Chi è l’allenatore che le ha dato di più?
«Roberto Cretaz e lo ringrazierò sempre; se non fosse per lui, avrei smesso già da un bel po’. Mi ha voluto a Trino dopo qualche mese all’Ivrea Banchette e mi ha permesso di ridare un senso alla mia carriera. Come preparatori dei portieri ne dico tre: Christian Bazzano che mi ha lanciato verso Ivrea, Graziano Baldanzi che mi ha cresciuto e Gianluca Danese, che negli ultimi anni all’Aygreville mi ha dato tantissimo sia a livello tecnico che emotivo. Non avevo più voglia, ma mi ha fatto continuare altri due o tre anni. Oltre a un valido preparatore, ho trovato un amico vero, so che se avrò bisogno potrò sempre contare su di lui».
C’è una parata che le è rimasta stampata nella memoria?
«Nessuna in particolare, però a Verbania ho sempre dato il meglio di me e quest’anno, per finire in maniera degna, è stata una partita top, nella quale ho anche parato un rigore».
«Il gol incassato dal portiere dell’Entella è la rosicata più grande»
E un gol che non avrebbe mai voluto subire?
«Per mia fortuna negli ultimi anni non ho fatto troppe cavolate, per cui la rosicata più grande rimane il gol incassato dal portiere dell’Entella Andrea Paroni (che ha smesso proprio quest’anno, ndr) al 96′ della finale play off di Lega Pro».
«Con il Saint-Christophe in Lega Pro non si è sfruttata un’occasione unica»
Lei ha vissuto in prima persona la paradossale stagione del Saint-Christophe (diventato Vallée d’Aoste), costretto per la mancanza di uno stadio omologato a giocare le gare interne a San Giusto Canavese. Che stagione è stata?
«Il ricordo non può che essere brutto. Ero a Casale, ho fatto di tutto per tonare da mister Zichella e con lui ho giocato le prime sei partite, poi l’hanno mandato via, è arrivato Frattali, che era di un altro livello e sono finito in panchina. La gestione di quella stagione è stata sbagliata; non so se è più colpa della Regione o della dirigenza, fatto sta che non è possibile giocare in casa in Canavese. Non si è sfruttata un’occasione unica: quando mai si rivedrà una squadra valdostana in Lega Pro?».
Il P.D.H.A.E. è scomparso dal panorama calcistico, impoverendo ulteriormente un movimento già in fase calante: qual è il problema più grande del calcio valdostano?

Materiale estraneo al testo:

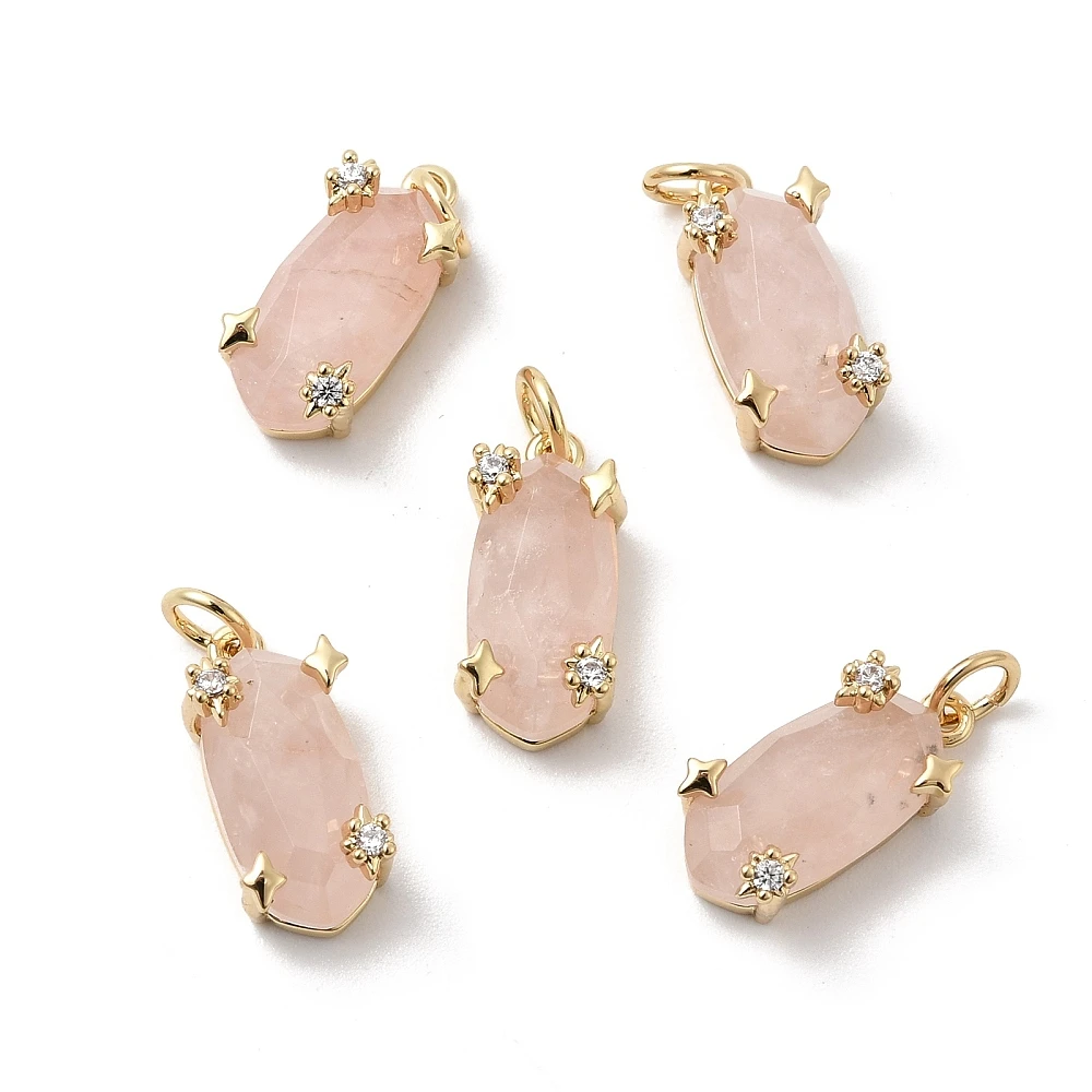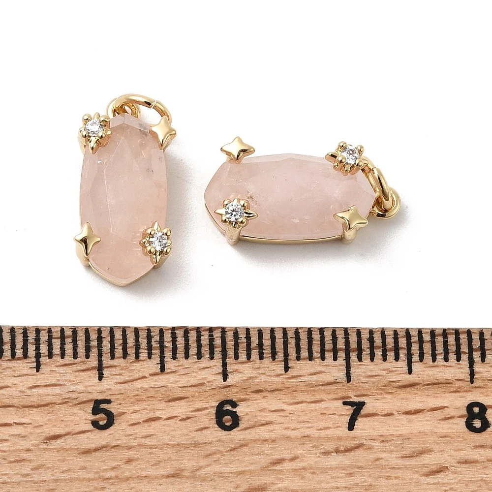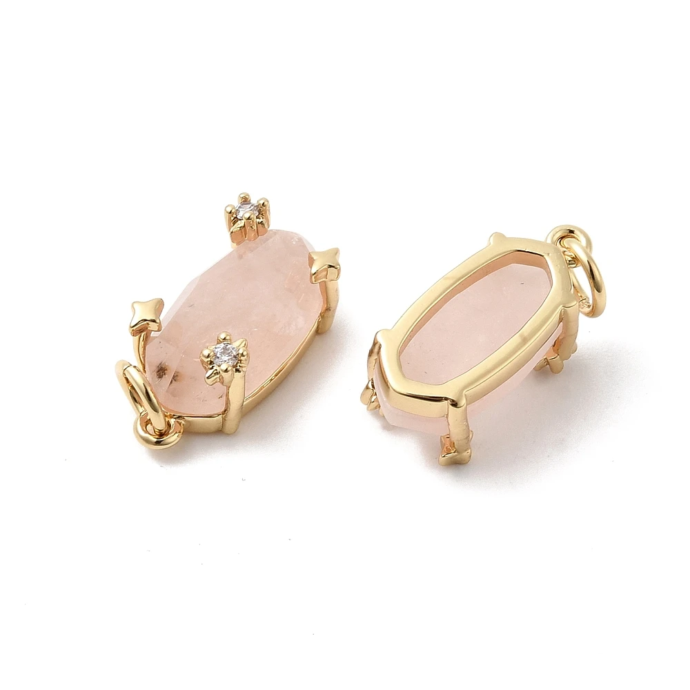 Zawieszka do biżuterii zdobiona naturalnym kamieniem - kwarcem. Kamień szlifowany, niebarwiony. Metalowe elementy zawieszki wykonane z mosiądzu, powlekane 18K. Precyzyjnie wykonana. Posiada jedno oczko montażowe.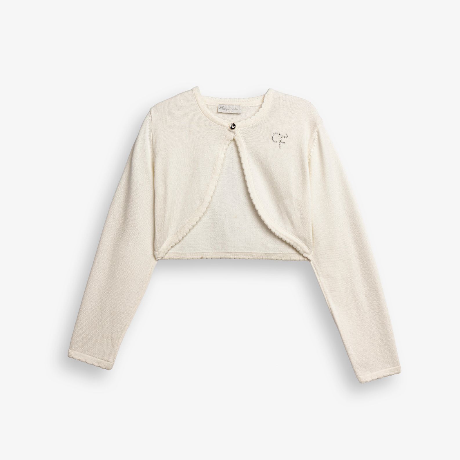 Jacket long-sleeved knitted in color ecru for girls 6-16 years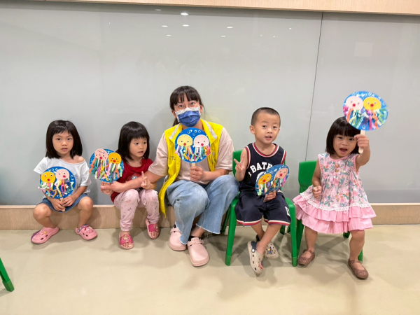 今日老師透過手指謠、繪本故事,帶領幼兒認識繪本中的海裡生物,並延伸繪本中的情境,邀請幼兒進行積木疊高高的平衡遊戲,練習幼兒的手眼協調能力,再使用色紙、紙卡、水彩與動動眼,最後黏貼上冰棒棍,可愛的章魚圓扇完成囉!
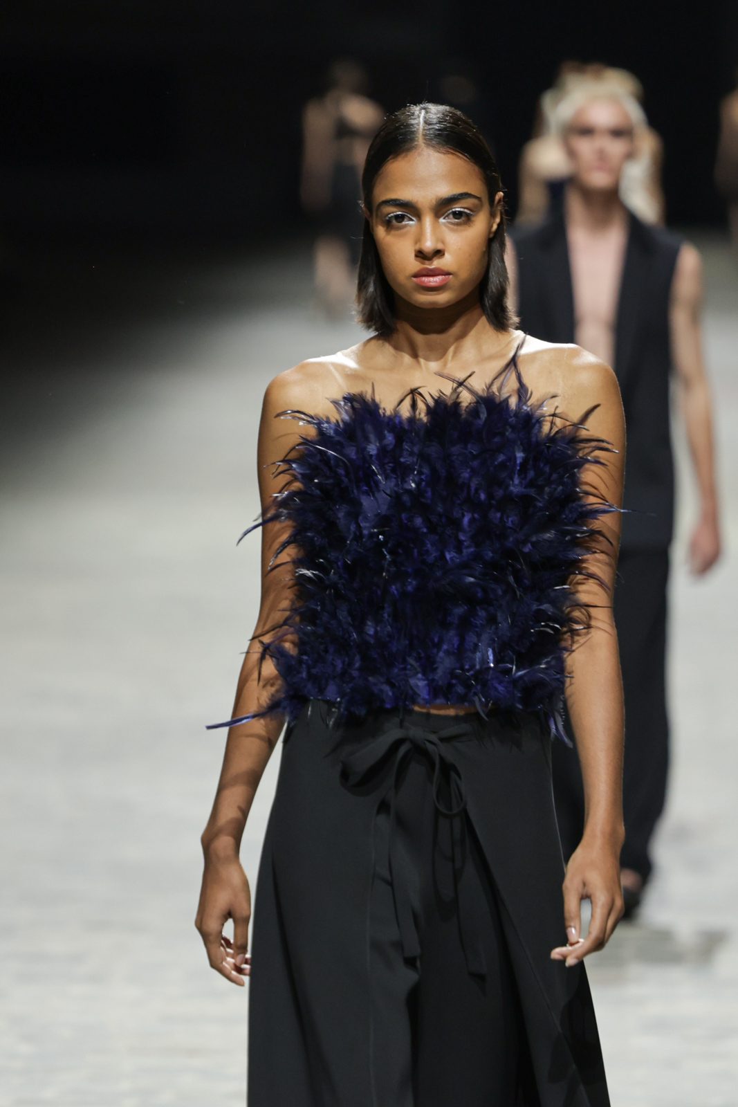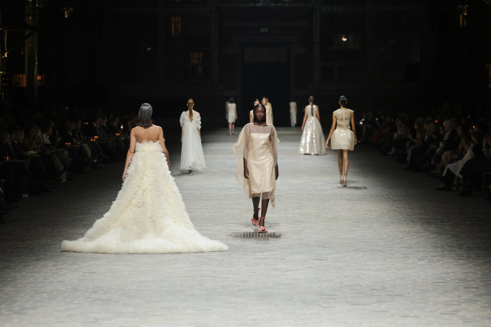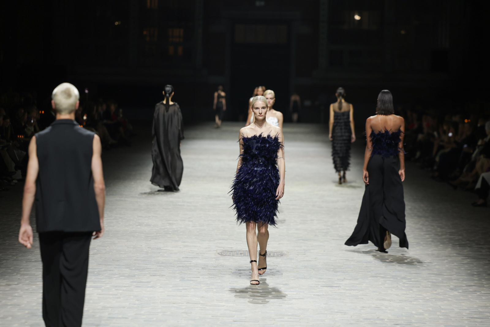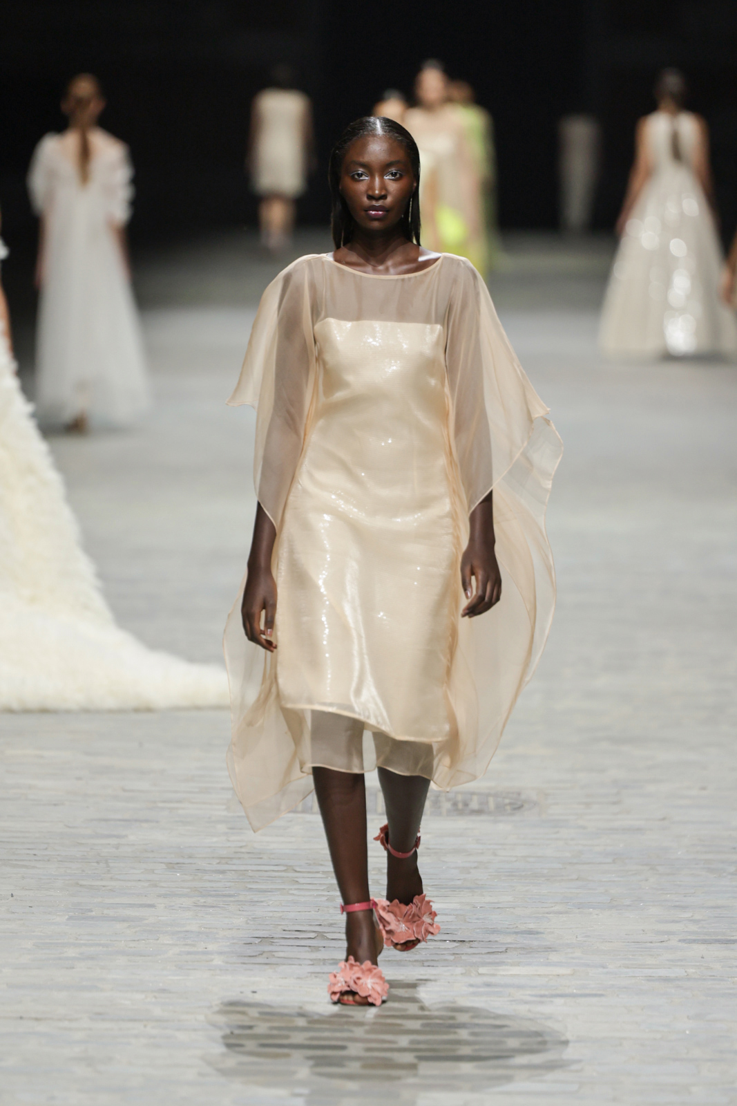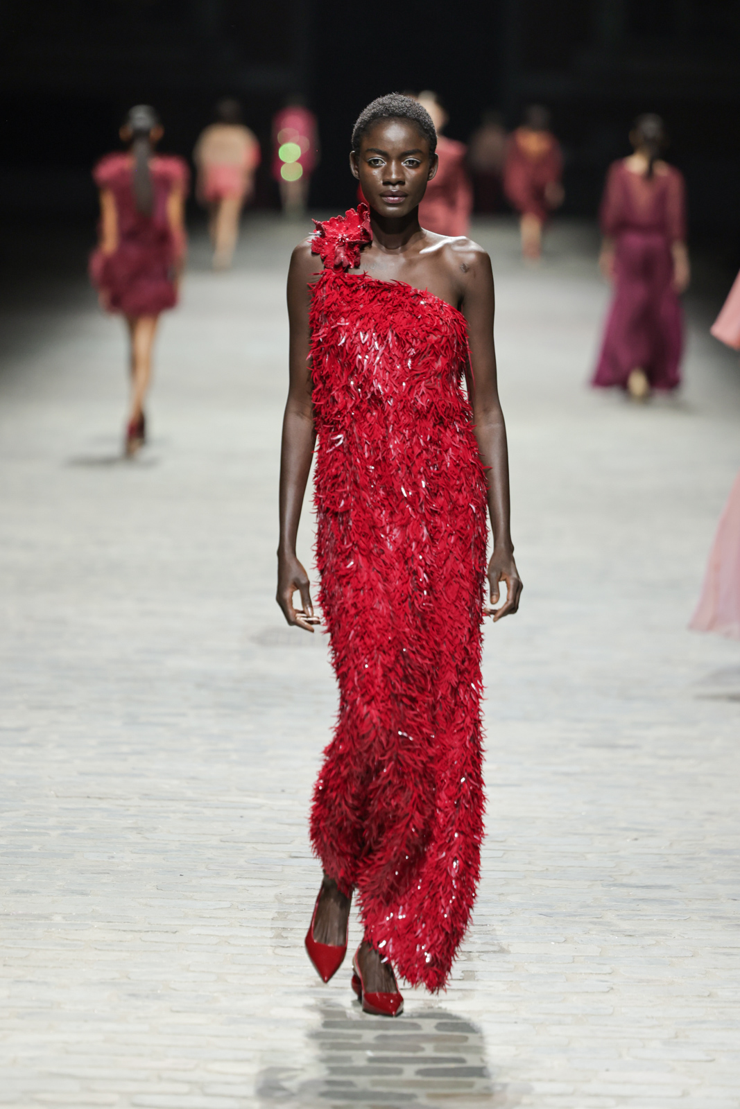 L’attention aux détails est manifeste dans le travail des plumes, des perlages, et des coiffes pailletées, enrichissant chaque création d’une touche de fantaisie couture. Les jeux de transparence, les volumes structurés et les silhouettes évasées à effet crinoline viennent sublimer la féminité, tandis que les pièces en maille luxueuse et les pantalons de mousseline offrent un contrepoint contemporain à cette célébration du savoir-faire tailleur.

«Ci sono tante piccole società che, invece di sposare un progetto e appoggiare una società che diventi punto di riferimento, tirano a campare in categorie più basse. Le fusioni hanno senso se danno vita a qualcosa di grande, in Seconda e Terza per me hanno poco senso. Poi bisogna lavorare come si deve a livello giovanile: ovunque si può fare di più, per esempio coinvolgendo ex giocatori forti nei quadri tecnici».
«Un onore giocare con Andrea Gentile»
Chi è il giocatore più forte con cui ha giocato?
«A livello valdostano dico Andrea Gentile, tra gli altri Riccardo Taddei che ho avuto a fianco a Casale».
E l’attaccante più pericoloso che si è trovato a fronteggiare?
«Devo dire Secci, ogni volta mi ha sempre fatto gol, con tutti gli altri me la sono sempre giocata».
«Nel calcio si è perso il rispetto nei confronti dei più grandi»
Da quando lei ha debuttato in prima squadra, il calcio è cambiato tanto. In meglio o in peggio?
«Tecnicamente è migliorato, ma caratterialmente è peggiorato. Non ci sono più i giocatori con il carattere di una volta, c’è stato un calo di valori. Si è perso il rispetto nei confronti dei più grandi».
«Voglio dedicarmi ai miei figli più piccoli, in futuro mi piacerebbe allenare i portieri»
Cosa c’è nel futuro di Alessandro Pomat?
«Adesso mi dedicherò di più ai miei figli più piccoli; lo devo a mia moglie, l’ho lasciata da sola troppe domeniche».
La stuzzica l’idea di allenare?
«Sì, ma solo i portieri. Mi piacerebbe prendere il patentino specialistico e poi impegnarmi in prima persona. Adesso come adesso direi con i grandi, ma sarebbe bello anche crescerli da piccoli, un qualcosa che penso dia grandi soddisfazioni».